If bots are smart enough to use Keep-Alive (which is easy to implement), they can still make malicious requests over the initially established connection.

That’s where keepalive_timeout 0; in our NGINX honeypot include comes in handy. It instructs NGINX to close the connection with the malicious client, after blocking CGI script completes.

We also explicitly instruct the malicious client to close the connection via Connection: close header.
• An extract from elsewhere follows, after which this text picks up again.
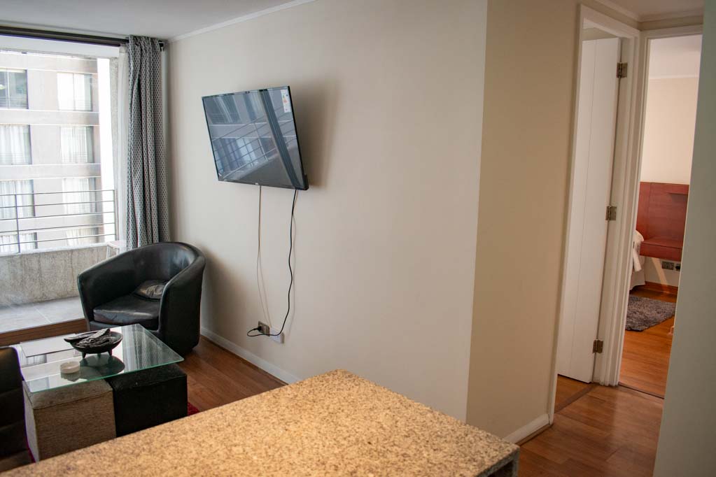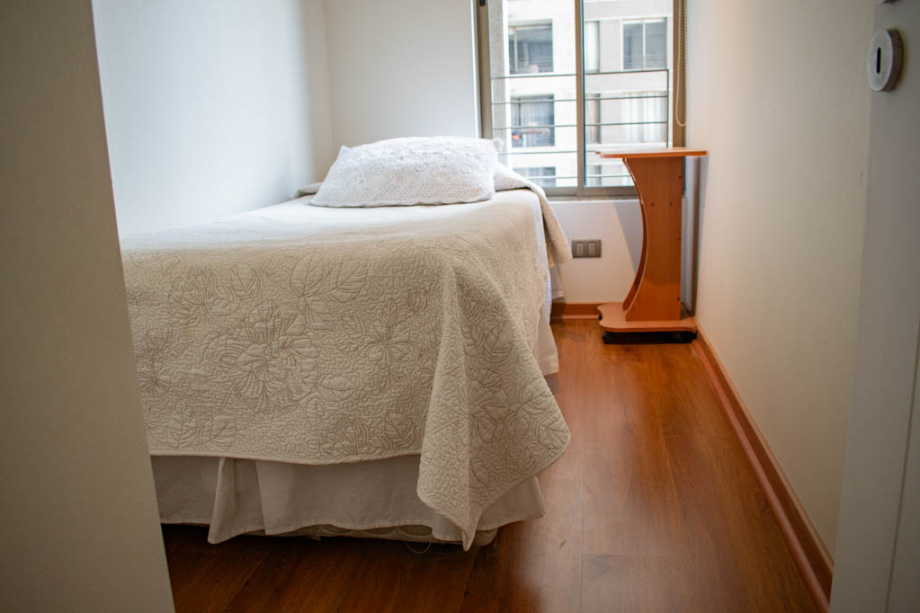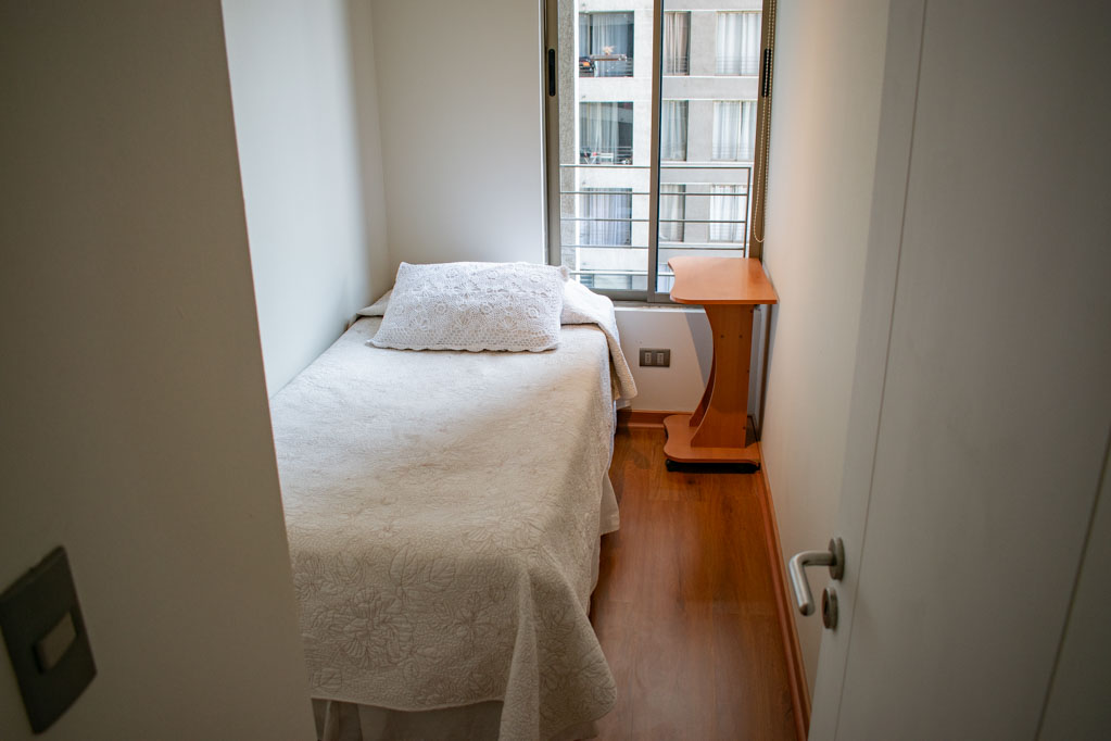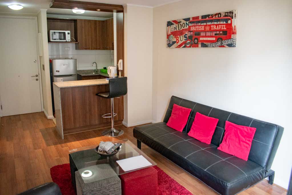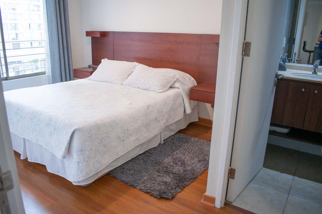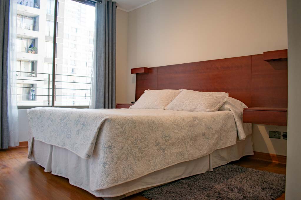 Apartamento mobiliado de 2 dormitórios localizado a 1 minuto caminhando da parada de ônibus e a 4 minutos caminhando da Estação de Metrô Toesca.O apartamento tem living, sala de jantar, cozinha (aberta), 2 banheiros e terraço. O quarto 1 tem cama de casal, walk-in clóset, 2 mesas de cabeceira e banheiro privado. O quarto 2 tem cama de solteiro, closet e mesa de cabeceira. O lugar mede 46m² + 3m² de terraço aproximadamente Deve ser considerado, o pagamento das despesas de serviços de condomínio, água quente, água fria e eletricidade que somam $ 151USD aproximadamente. O imóvel tem lavanderia cujo valor é $ 2USD aproximadamente por carga de roupa (lavagem e secagem). Você deve pagar depósito de segurança, que será devolvido no final do período de locação; Também deve pagar $ 35USD ao momento de devolver o imóvel para a limpeza do lugar. Próximo ao imóvel está o Palacio Cousiño, um monumento nacional e um dos museus mais importantes de Santiago; ele está dentro do Parque Almagro, 12 hectares do parque, onde você também pode ver várias esculturas; a igreja dos Sacramentinos, entre outras atrações.

Create the bash script to block an IP

Let’s create the bash script that will be launched by NGINX via sudo, that will block an IP address.

#!/bin/bash

if [[ -z ${REMOTE_ADDR} ]]; then
    if [[ -z "$1" ]]; then
        echo "REMOTE_ADDR not set!"
        exit 1
    else
        REMOTE_ADDR=$1
    fi
fi

# Put space separate list of trusted IP addresses, not to lock yourself out if you like to test the honeypot! : )
TRUSTED_IPS=(1.2.3.4 2.3.4.5 127.0.0.1)
if printf '%s\n' ${TRUSTED_IPS[@]} | grep -q -P "^$REMOTE_ADDR\$"; then
    echo "Trusted IP"
    exit 0
fi

if [[ "$REMOTE_ADDR" != "${1#*[0-9].[0-9]}" ]]; then
  /sbin/ipset add honeypot4 ${REMOTE_ADDR}
  /sbin/conntrack -D -s ${REMOTE_ADDR}
elif [[ "$REMOTE_ADDR" != "${1#*:[0-9a-fA-F]}" ]]; then
  /sbin/ipset add honeypot6 ${REMOTE_ADDR}
  /sbin/conntrack -D -s ${REMOTE_ADDR}
else
  echo "Unrecognized IP format '$1'"
fi

We could also use firewall-cmd to add to IP sets, but of course, we want to avoid the heavy lifting of the Python interpreter. On a 1 CPU VPS, firewall-cmd --ipset=honeypot4 --add-entry=... runs 0m0.494s while pure binary ipset add honeypot4 ... took only 0m0.002s to run!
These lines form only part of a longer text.